2024年 4月 26日 (金)

外岡秀俊の「コロナ 21世紀の問い」(29) 米国はバイデン政権下で分断を克服できるか

124年前の選挙とトランプ登場との共通性

   古矢さんはここで、124年前、つまり1896年の大統領選と今回の選挙との比較について話してくださった。これは共和党のウィリアム・マッキンリーが、民主党などをバックとするウィリアム・ジェニングス・ブライアンを破った選挙で、「政党時代」の掉尾を飾る選挙になった。

   古矢さんがこの選挙に注目するのは、民主党が南部だけでなく、中西部から南東部にかけての「バイブル・ベルト」や中西部北側の「グレイン・ベルト」のそれまで共和党の牙城だった地域にも食い込んできたからだ。つまりそれまで固定されたかに見えた2大政党の「指定席」が大変動を起こす兆候である。

「当時と今回の二つの選挙に共通するのは、その背景にそれまで米国経済の根幹を支えてきた産業構造の転換がある、ということです」

   19世紀の米国を支えた産業は農業であり、フロンティアを目指して西進する進取の精神に満ちた開拓の独立自営農民が、アメリカのヒーローだった。しかし南北戦争後、急速に工業化が進むアメリカでは、農業発展は停滞し、逆に石油や鉄鋼、造船、自動車、電気などの重厚長大型の産業が育っていく。「第2次産業革命」である。今や衰退産業となった農業の担い手である西部、南部の農民は、農産物の貯蔵や輸送に過大な運賃を請求する倉庫会社や鉄道会社と対立し、農産物価格の低下を招く連邦政府の通貨政策や大量の移民を受け入れる太平洋岸、工業化が進む大西洋岸の都市を敵視し、各地で抵抗運動や反乱を起こした。

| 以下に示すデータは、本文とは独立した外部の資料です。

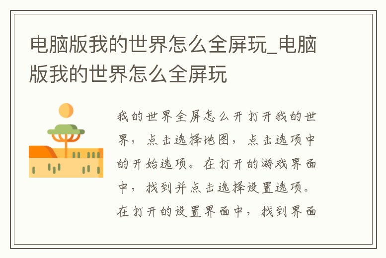 電腦版我的世界怎么全屏玩_電腦版我的世界怎么全屏玩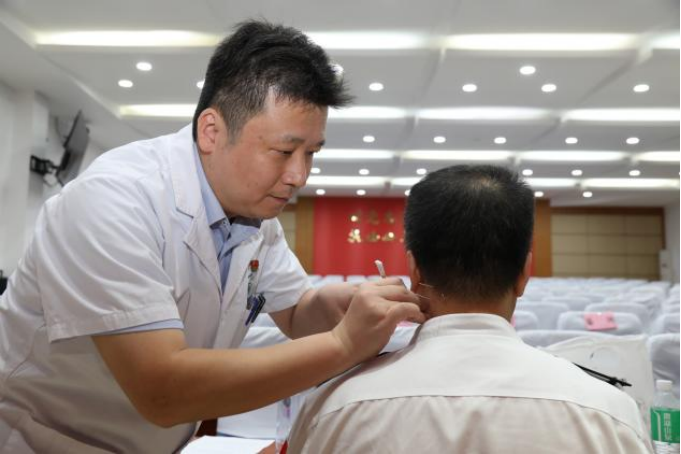 “之前也去医院做过针灸治疗,但因为工作太忙很难坚持,现在你们亲自上门服务,真是太难得了。”一位女民警患混合型颈椎病多年,针灸康复科杨路主任现场为她施针治疗,并建议她选择合适的枕头睡觉。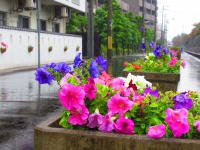 「すごい雨だね~。」とご入居者と外を眺めていたら、水をいっぱい浴びていつもより生き生きと咲いている花たちに目が留まりました。鉢植えしてかれこれ2カ月経ちますが、いつも元気いっぱいのはぴねの花壇に皆が癒されています。
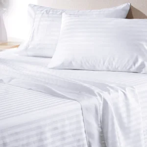 250 Threat Count Luxury Striped White Sheets Available in Flat & Fitted Variants with Elastic Skirts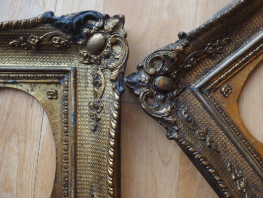 Des Weiteren ist erwähnenswert, dass die beiden Portraits nicht eindeutig für die hier vorliegenden Rahmen gedacht waren. Die beiden Ölbilder haben unterschiedliche Maße und wurden zur optimalen Platzierung in den ovalen Ausschnitt sehr asymmetrisch eingebracht. So wurde die Rahmenfalz an der Unterseite deutlich vergrößert. Der ovaläre Abdruck auf dem Bild ist nicht mittig platziert.

   古矢さんはその構図が、2016年のトランプ政権誕生の背景によく似ていると指摘する。21世紀の場合、衰退したのはかつて20世紀の米国を支えた鉄鋼、自動車、造船などの重厚長大産業であり、その衰退の象徴が「ラストベルト」だった。

   代わって上り坂にあるのは、太平洋岸に本拠を置くIT産業や宇宙産業、生命科学であり、大西洋岸のウォール・ストリートを中心とする金融業だ。皮肉にも、製造業から金融業への転換を図ったのは、1981年に政権の座に就いた共和党のロナルド・レーガン大統領だったが、トランプ氏はこの転換によって長期衰退を余儀なくされたかつての製造業中心地域「ラストベルト」に攻勢をかけ、「忘れられた労働者」に「偉大なアメリカを取り戻そう(MAGA)」と訴え、その票を掘り起こした。

   衰退産業の担い手とは、かつて政府が国策として厚遇した中産階級でもある、と古矢さんはいう。たとえば19世紀、リンカーン大統領は1862年にホームステッド法を制定した。これは未開発の土地、一区画当たり160エーカー(約65ヘクタール)を無償で農民に払い下げるもので、これによって西部開拓に拍車がかかった。各州は農業大学を設立し、最新の農業技術を農民に分かち与えた。こうした国策によって、19世紀アメリカの農民を中核とする中産階級社会が形成された。しかし19世紀末には、この農本主義的世界が広範な産業主義の流れの中で衰退に向かってゆく。

   20世紀にアメリカを支えた製造業の労働者たちは、第2次大戦では兵士としてヨーロッパ、アジアの戦線を担って戦った。これに報いるべくルーズベルト大統領はすでに戦時中に、GI法(復員兵援護法)を成立させ、復員軍人に保証付き住宅ローンや職業訓練、大学の学資援助などを提供し、民間人として産業の現場に戻るまで、彼らを側面から支えた。続くトルーマン大統領もまた朝鮮戦争の復員兵士に報いるべく、同様の立法により政府援助を与えている。世界の製造業の4割から5割を米国が占めたという時代だ。かつての農民のように、彼ら製造業の労働者たちは戦後アメリカの中産階級の豊かな生活を享受するとともに、誇りと自信をもって社会の中枢を担っていた。

   しかし、脱工業化社会の到来に伴い1970年代以降半世紀にわたり、そうした彼らの暮らしは傾き、中産階層としての誇りも失われてきたという背景を抜きにしては、今回トランプ氏が7300万票も得た理由は理解できない。古矢さんはそう指摘する。